- _Your objective_: Exclude pictures and give again exactly the lines of the listing, beginning with its first line and ending with the one that contains "Жалпы Түркістандық еңбекші, егінші".

(Data for processing begins)

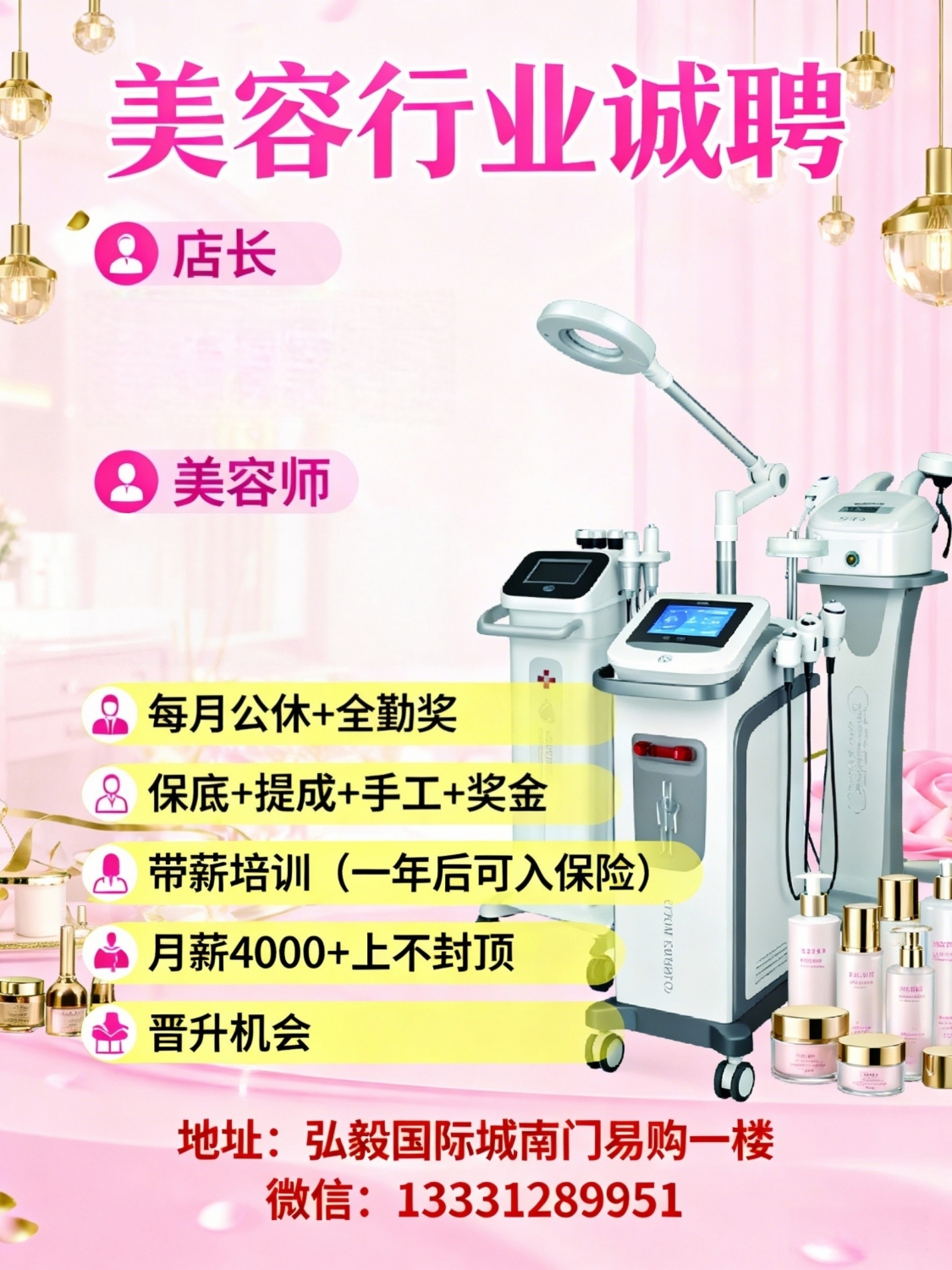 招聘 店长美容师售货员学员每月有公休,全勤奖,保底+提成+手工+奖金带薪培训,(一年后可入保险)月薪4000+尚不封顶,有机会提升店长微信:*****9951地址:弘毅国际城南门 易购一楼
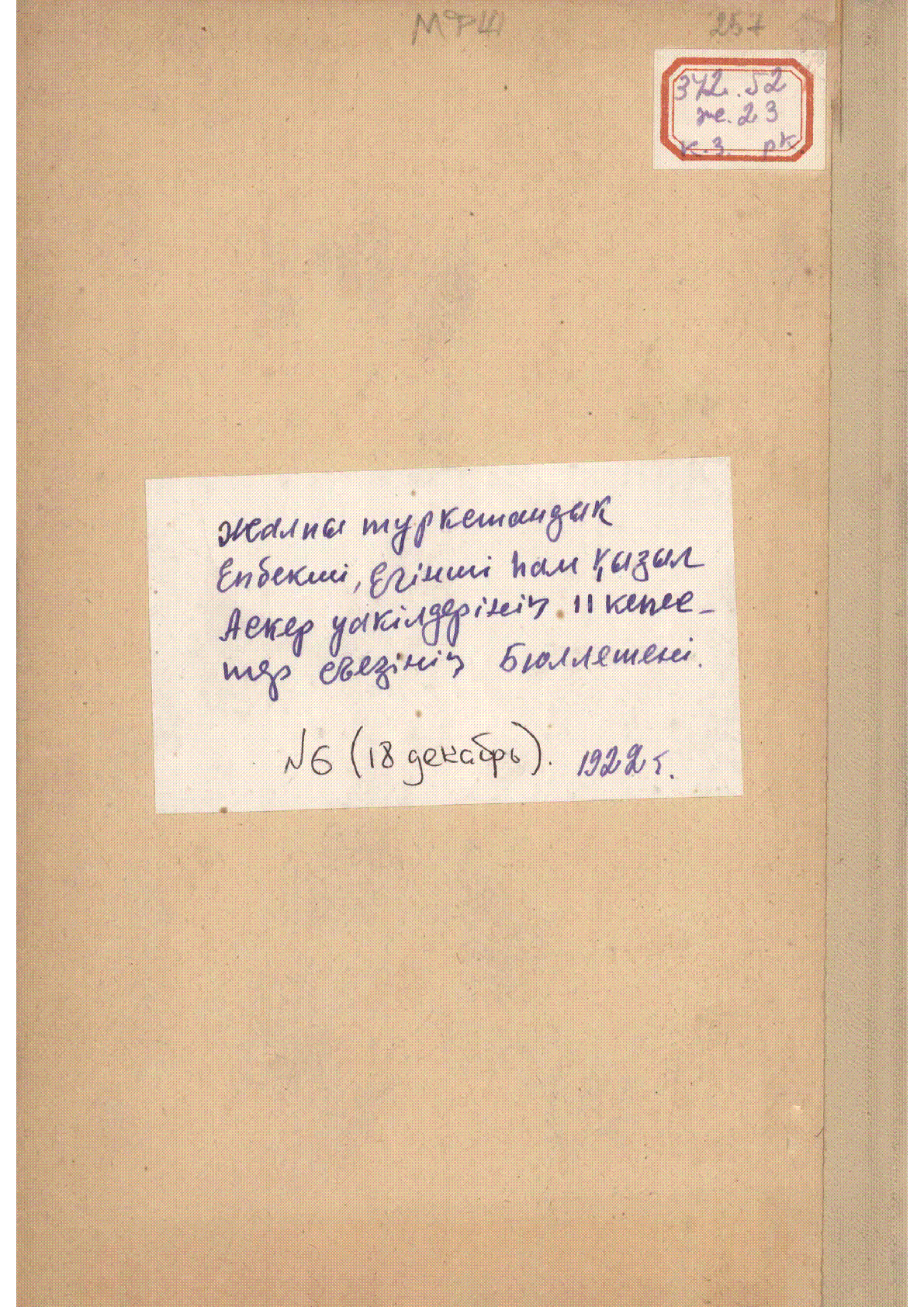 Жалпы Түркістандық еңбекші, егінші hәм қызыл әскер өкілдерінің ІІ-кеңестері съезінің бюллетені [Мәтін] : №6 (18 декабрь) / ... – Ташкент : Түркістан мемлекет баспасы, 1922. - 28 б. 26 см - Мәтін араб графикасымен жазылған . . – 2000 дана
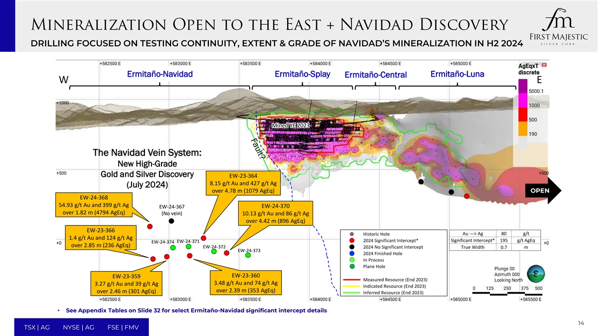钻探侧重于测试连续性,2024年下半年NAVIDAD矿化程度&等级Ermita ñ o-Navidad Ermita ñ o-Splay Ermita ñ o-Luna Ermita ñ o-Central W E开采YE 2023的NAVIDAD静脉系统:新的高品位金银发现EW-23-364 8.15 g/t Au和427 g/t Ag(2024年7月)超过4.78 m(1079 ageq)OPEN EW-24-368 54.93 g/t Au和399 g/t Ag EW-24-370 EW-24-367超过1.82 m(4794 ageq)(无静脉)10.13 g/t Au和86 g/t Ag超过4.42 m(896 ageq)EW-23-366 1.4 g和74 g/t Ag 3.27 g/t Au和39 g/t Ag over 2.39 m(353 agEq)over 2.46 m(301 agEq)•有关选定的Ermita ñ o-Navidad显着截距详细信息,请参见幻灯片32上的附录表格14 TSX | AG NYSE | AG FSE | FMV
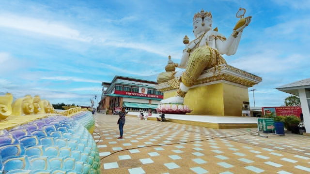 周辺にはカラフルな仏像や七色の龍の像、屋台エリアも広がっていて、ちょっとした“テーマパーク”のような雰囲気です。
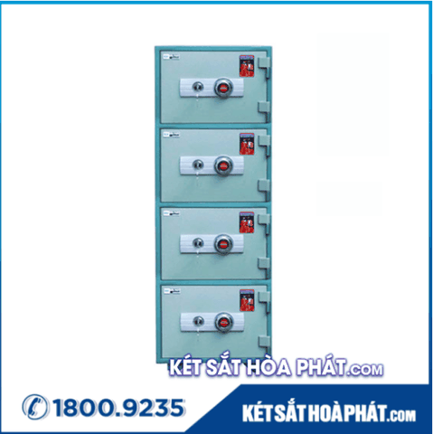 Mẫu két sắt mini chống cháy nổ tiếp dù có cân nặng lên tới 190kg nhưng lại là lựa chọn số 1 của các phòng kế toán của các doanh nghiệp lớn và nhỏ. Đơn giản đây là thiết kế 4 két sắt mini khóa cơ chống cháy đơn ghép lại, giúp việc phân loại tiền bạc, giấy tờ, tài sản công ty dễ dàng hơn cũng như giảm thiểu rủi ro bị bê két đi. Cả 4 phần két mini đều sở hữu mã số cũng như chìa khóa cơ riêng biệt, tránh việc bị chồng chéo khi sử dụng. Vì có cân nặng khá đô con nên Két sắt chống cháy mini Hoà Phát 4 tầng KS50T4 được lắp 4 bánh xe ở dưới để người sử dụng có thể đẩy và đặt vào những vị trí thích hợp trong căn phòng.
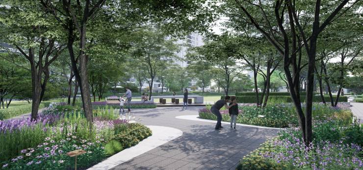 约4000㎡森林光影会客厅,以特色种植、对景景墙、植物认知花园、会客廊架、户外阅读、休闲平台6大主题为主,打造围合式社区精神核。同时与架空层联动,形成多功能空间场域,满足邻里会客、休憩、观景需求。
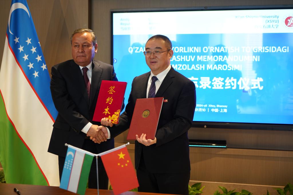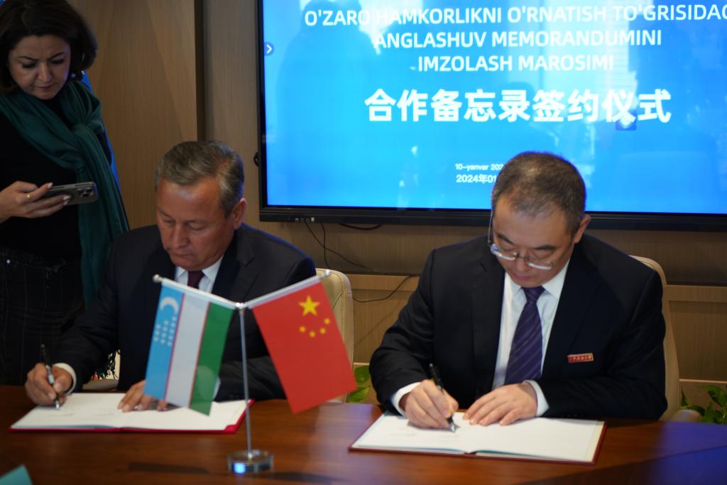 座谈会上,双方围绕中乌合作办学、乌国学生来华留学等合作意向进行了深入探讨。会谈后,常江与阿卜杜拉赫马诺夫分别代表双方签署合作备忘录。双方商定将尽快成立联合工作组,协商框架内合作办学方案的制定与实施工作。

(Data for processing ends)

- _Your response_:
 招聘 店长美容师售货员学员每月有公休,全勤奖,保底+提成+手工+奖金带薪培训,(一年后可入保险)月薪4000+尚不封顶,有机会提升店长微信:*****9951地址:弘毅国际城南门 易购一楼
 Жалпы Түркістандық еңбекші, егінші hәм қызыл әскер өкілдерінің ІІ-кеңестері съезінің бюллетені [Мәтін] : №6 (18 декабрь) / ... – Ташкент : Түркістан мемлекет баспасы, 1922. - 28 б. 26 см - Мәтін араб графикасымен жазылған . . – 2000 дана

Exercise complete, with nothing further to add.